───── EXERCISE INPUT ─────
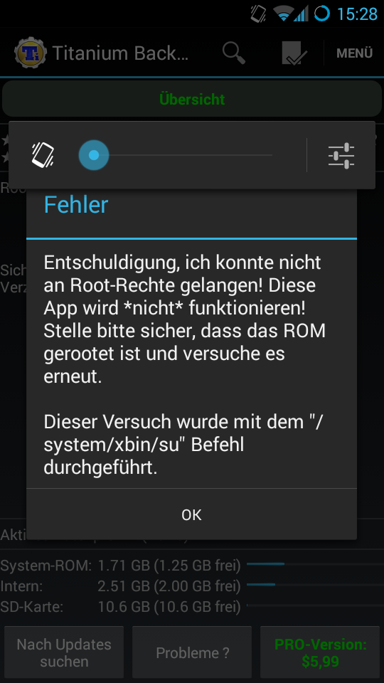 Nun aber zu meinem Problem: die Root-Rechte sind wieder weg. Super SU ist drauf und es sieht auch alles nach Root aus, aber Titanium Backup geht nicht, da das Gerät nicht gerootet ist.
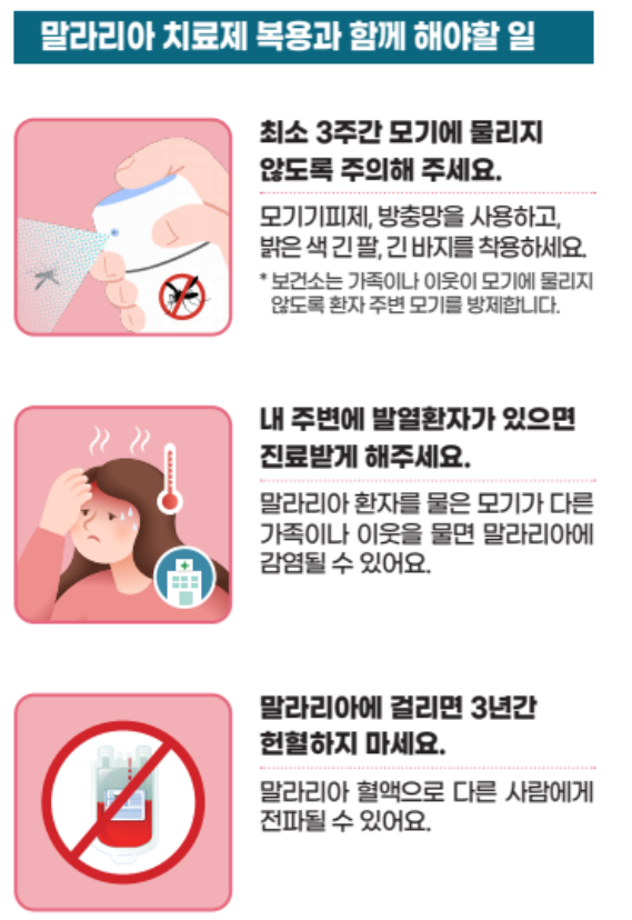 말라리아 유행 지역으로 여행을 계획 중인 경우, 항말라리아 약물을 복용할 수 있습니다. 약물 복용 기간은 약물에 따라 다르지만, 일반적으로 여행 전, 여행 중, 그리고 여행 후 일정 기간 동안 복용해야 합니다.
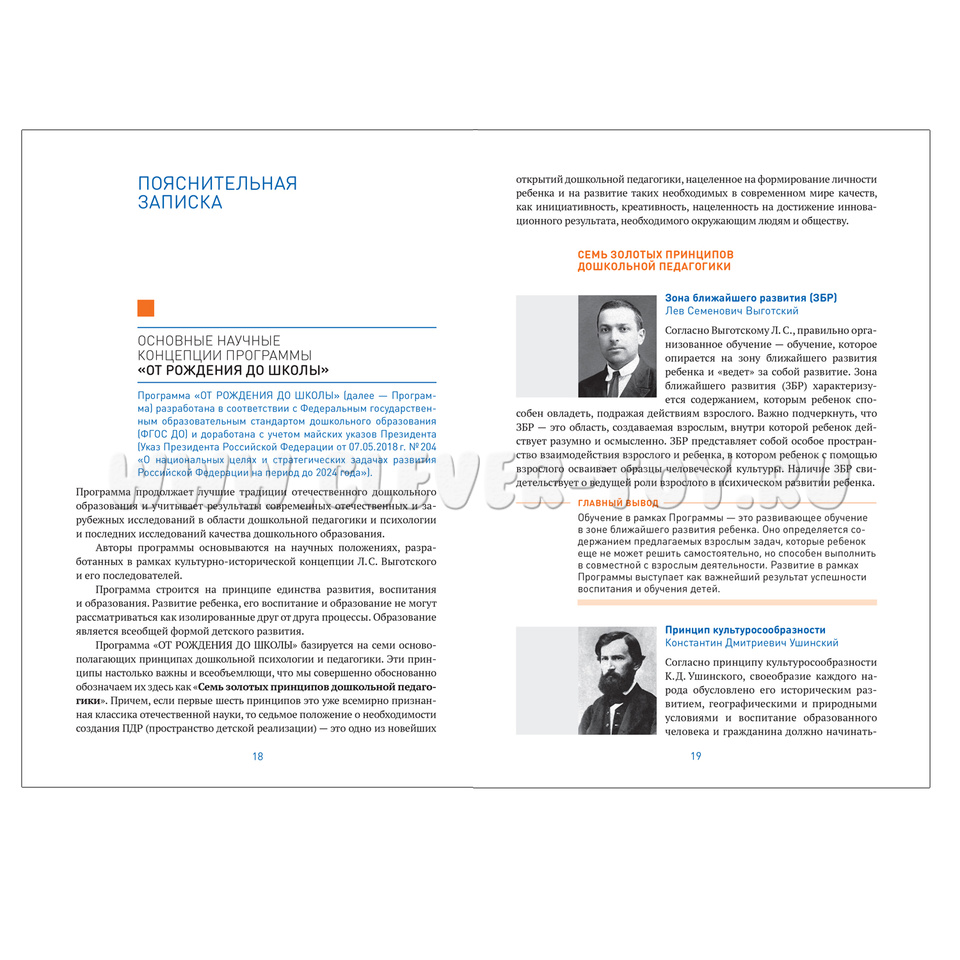 В программе «ОТ РОЖДЕНИЯ ДО ШКОЛЫ» представлены все основные компоненты оптимальной организации образовательно-воспитательного процесса с учетом новейших достижений науки и практики российского и зарубежного дошкольного образования.
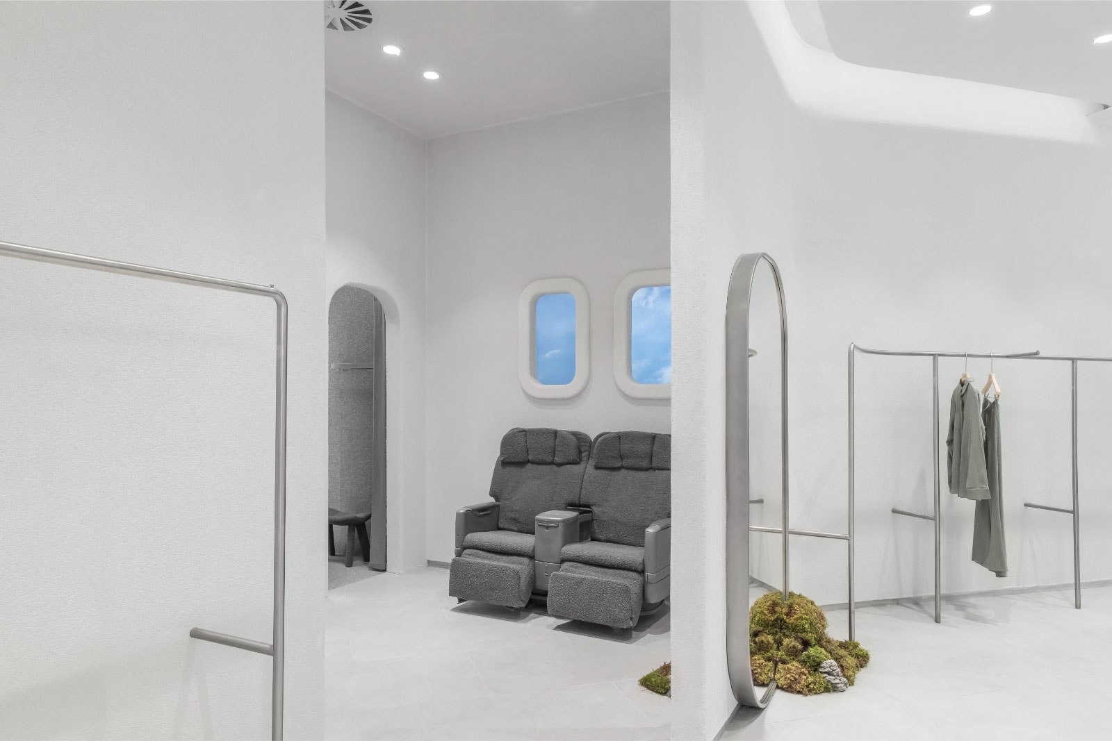 Разрабатывая концепцию, мы с основателем Денисом Шевченко исследовали не только образ аэропорта, но и более широкую идею движения. Проект стал архитектурной интерпретацией транзита как состояния. Мы представляем магазин как чистую белую промежуточную зону – пространство паузы, выбора, перехода и нового опыта.
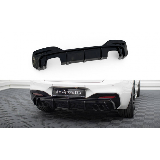 Maxton Design vložka zadního nárazníku pro BMW řada 1 F20 Facelift, černý lesklý plast ABS, M-Pack/M140i, s dvojitou koncovkou na obou stranách
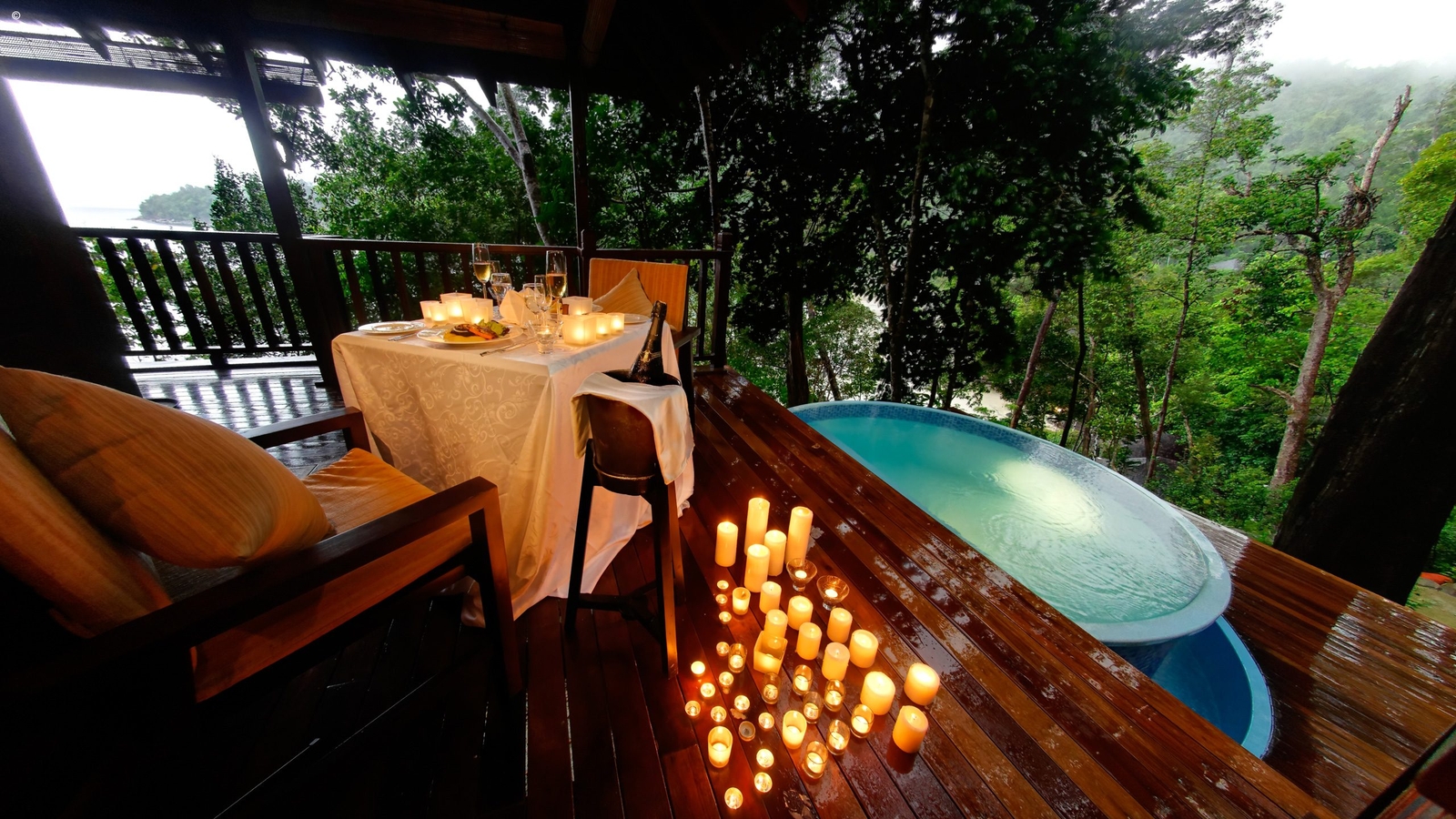 Dining here consists of the contemporary European bistro, Koi, the relaxed, oceanfront Pantai Grill and the atmospheric Wine Cave. Leisure is also well catered for with the use of Solace Spa at sister and nearby property, Gayana Eco Resort, alongside a long list of exciting activities from kayaking to jungle trekking.
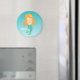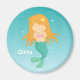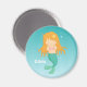 Personalize um ímã para a garotinha com essa linda sereia com design de cabelo laranja! A sereia está nadando entre as ondas no mar. Ela tem um acessório de estrela no cabelo e está vestindo conchas de moluscos bikini. Um padrão ondulado para o fundo. Para meninas que amam a fantasia ou o tema oceânico.
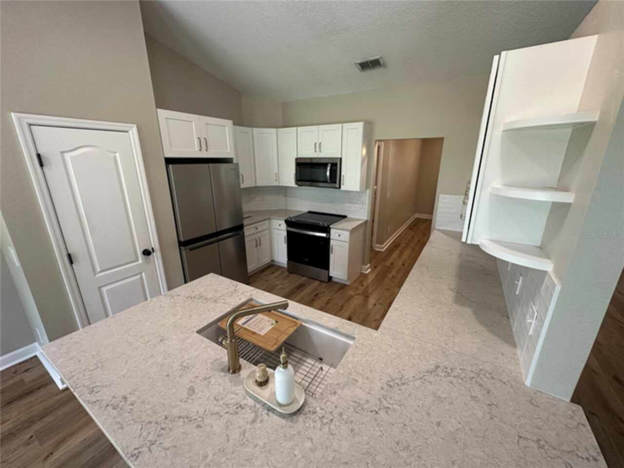 Stunning Fully Renovated 3-Bedroom Home in Gated Clermont Community on almost Half an Acre (.40)! Move in Ready and Just About Brand New! Welcome to your dream home in the heart of Clermont! Nestled in a beautifully maintained gated community on a cul de sac, this completely updated 3-bedroom, 2-bath residence offers the perfect blend of modern luxury and comfortable living. Step inside to discover a bright, open floor plan with brand new luxury flooring, fresh paint throughout, and designer finishes. The gourmet kitchen is a chef’s delight, featuring all-new stainless steel appliances, sleek quartz countertops, custom cabinetry, and stylish backsplash. Both bathrooms have been fully remodeled with contemporary fixtures, vanities, and tilework that exude spa-like elegance. There is also a bonus room that can be used as an office, a reading retreat, or a media room. Outside, the home offers beautifully refreshed landscaping and a private backyard with New Vinyl Fence —perfect for relaxing or entertaining. Located just minutes from top-rated schools, shopping, dining, and major highways, this home combines comfort, convenience, and security in one of Clermont's most desirable communities. Don’t miss your chance to own this turnkey gem—schedule your private showing today!
─────
PROMPT - When you reach the line with "зарубежного дошкольного образования." in the records above, start writing out each line exactly, and stop after the line with "Personalize um ímã". Pictures stay out.

OUTPUT OF THE TASK -
 В программе «ОТ РОЖДЕНИЯ ДО ШКОЛЫ» представлены все основные компоненты оптимальной организации образовательно-воспитательного процесса с учетом новейших достижений науки и практики российского и зарубежного дошкольного образования.
 Разрабатывая концепцию, мы с основателем Денисом Шевченко исследовали не только образ аэропорта, но и более широкую идею движения. Проект стал архитектурной интерпретацией транзита как состояния. Мы представляем магазин как чистую белую промежуточную зону – пространство паузы, выбора, перехода и нового опыта.
 Maxton Design vložka zadního nárazníku pro BMW řada 1 F20 Facelift, černý lesklý plast ABS, M-Pack/M140i, s dvojitou koncovkou na obou stranách
 Dining here consists of the contemporary European bistro, Koi, the relaxed, oceanfront Pantai Grill and the atmospheric Wine Cave. Leisure is also well catered for with the use of Solace Spa at sister and nearby property, Gayana Eco Resort, alongside a long list of exciting activities from kayaking to jungle trekking.
 Personalize um ímã para a garotinha com essa linda sereia com design de cabelo laranja! A sereia está nadando entre as ondas no mar. Ela tem um acessório de estrela no cabelo e está vestindo conchas de moluscos bikini. Um padrão ondulado para o fundo. Para meninas que amam a fantasia ou o tema oceânico.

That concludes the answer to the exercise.